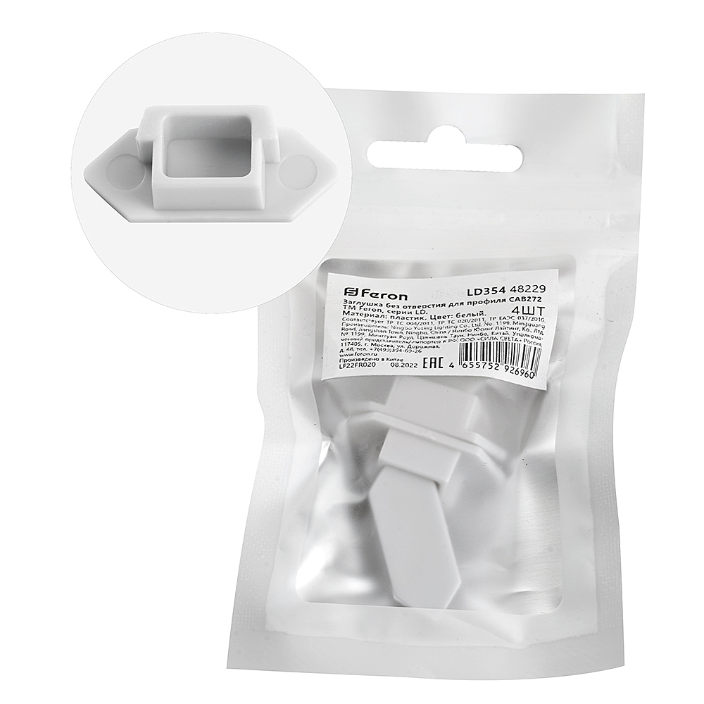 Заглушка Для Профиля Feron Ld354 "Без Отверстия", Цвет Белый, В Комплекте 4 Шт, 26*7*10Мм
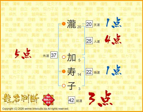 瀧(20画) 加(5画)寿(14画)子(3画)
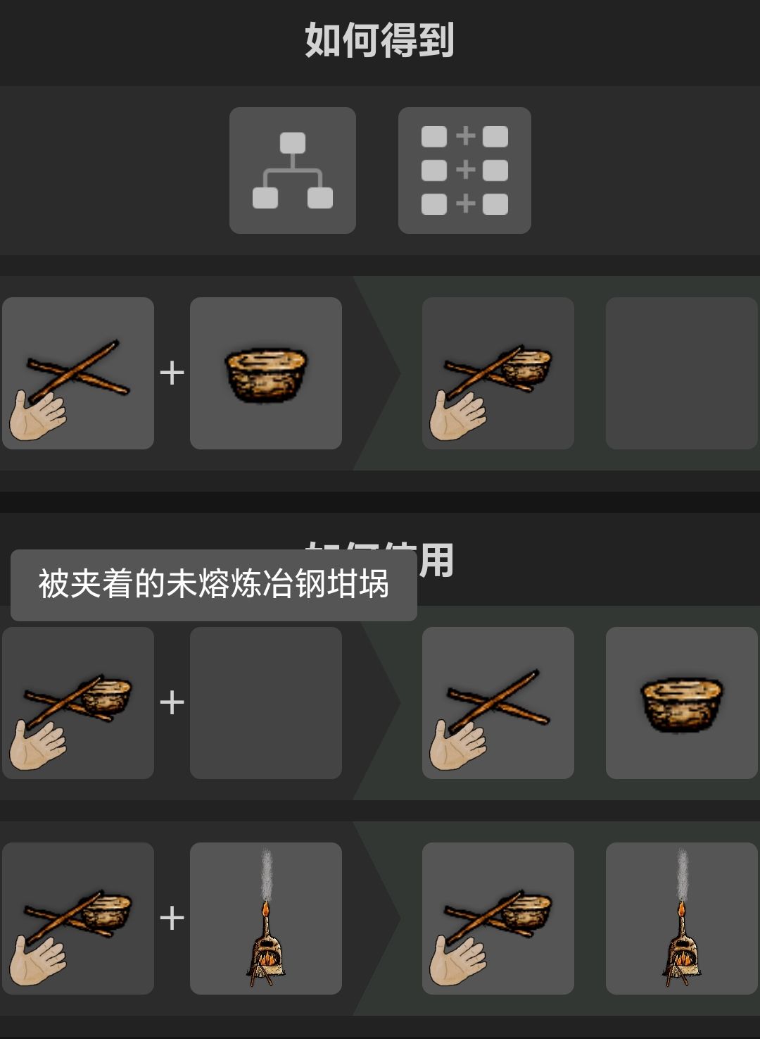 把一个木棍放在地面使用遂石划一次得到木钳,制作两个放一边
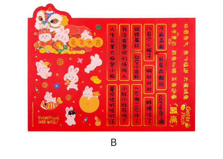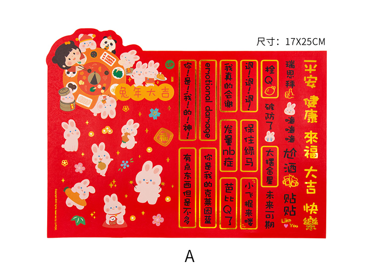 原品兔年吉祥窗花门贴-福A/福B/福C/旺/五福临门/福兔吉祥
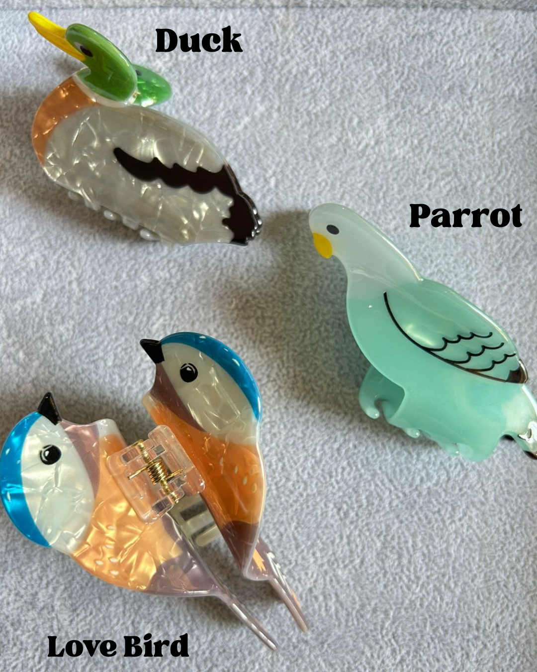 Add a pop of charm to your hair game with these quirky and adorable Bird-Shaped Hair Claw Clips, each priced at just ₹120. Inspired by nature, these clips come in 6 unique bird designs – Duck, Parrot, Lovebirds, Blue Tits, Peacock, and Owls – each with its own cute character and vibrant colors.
================================
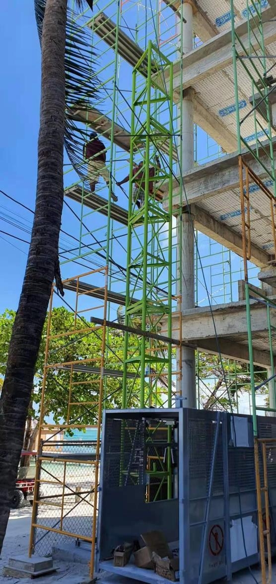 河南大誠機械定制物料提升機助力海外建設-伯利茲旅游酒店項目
================================
• Required action: Starting with the line that has "瀧(20画) 加(5画)寿(14画)子(3画)" and going on through the line that has "Add a pop of", transcribe the records above exactly, but skip the pictures.

• Answer to the exercise:
 瀧(20画) 加(5画)寿(14画)子(3画)
 把一个木棍放在地面使用遂石划一次得到木钳,制作两个放一边
 原品兔年吉祥窗花门贴-福A/福B/福C/旺/五福临门/福兔吉祥
 Add a pop of charm to your hair game with these quirky and adorable Bird-Shaped Hair Claw Clips, each priced at just ₹120. Inspired by nature, these clips come in 6 unique bird designs – Duck, Parrot, Lovebirds, Blue Tits, Peacock, and Owls – each with its own cute character and vibrant colors.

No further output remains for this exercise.